37x only makes sense if the growing continues, otherwise better to put the money is a high yield savings account. The big question mark of course is how long that growth can continue for. At the current rate their revenue and earnings are both growing I don't see how that's sustainable long term. But maybe sustainable enough to a point where the current investment can get to a break even in say 15 years.

arcanemachiner|7 months ago

Compared to Palantir's P/E ratio of ~750, that seems very reasonable.

nativeit|7 months ago

I can understand that, at least in theory. I feel like this is one of the only contexts where markets accommodate long-term thinking, which frustrates my own sensibilities. Thanks for the add’l perspective.

rdsubhas|7 months ago

Or 23 years if the currency depreciates 2% each year.
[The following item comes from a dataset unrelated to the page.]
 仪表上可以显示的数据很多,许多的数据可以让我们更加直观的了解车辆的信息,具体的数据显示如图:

Or 16 years at 5% inflation.

ElevenLathe|7 months ago

Seems pretty unlikely to me that they can sustain their current earnings until 2062, but I'm no Wall St analyst.
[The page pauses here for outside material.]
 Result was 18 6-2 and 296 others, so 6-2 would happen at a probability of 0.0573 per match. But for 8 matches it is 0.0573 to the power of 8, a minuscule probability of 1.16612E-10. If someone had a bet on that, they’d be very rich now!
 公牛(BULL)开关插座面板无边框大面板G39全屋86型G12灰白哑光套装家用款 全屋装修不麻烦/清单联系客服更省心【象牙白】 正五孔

scottiebarnes|7 months ago

Yes, that is a limit of the model (PE ratio) that we're using. It requires the holding of all variables to be constant, which is not practical.

We use it as a snapshot in time to check our sanity and to allow us to compare apples to oranges.

That said, you could have made the same statement about AAPL or MSFT 20-30 years ago, and you would have been dead wrong.

yibg|7 months ago

Doesn't need to be sustainable until 2062 though. It'll take until 2062 to break even if they keep with projected numbers for next year. They can be flat forever after that and it'll still be 37 years to break even. If they maintain the same growth for even 5 years, the break even time shrinks down dramatically.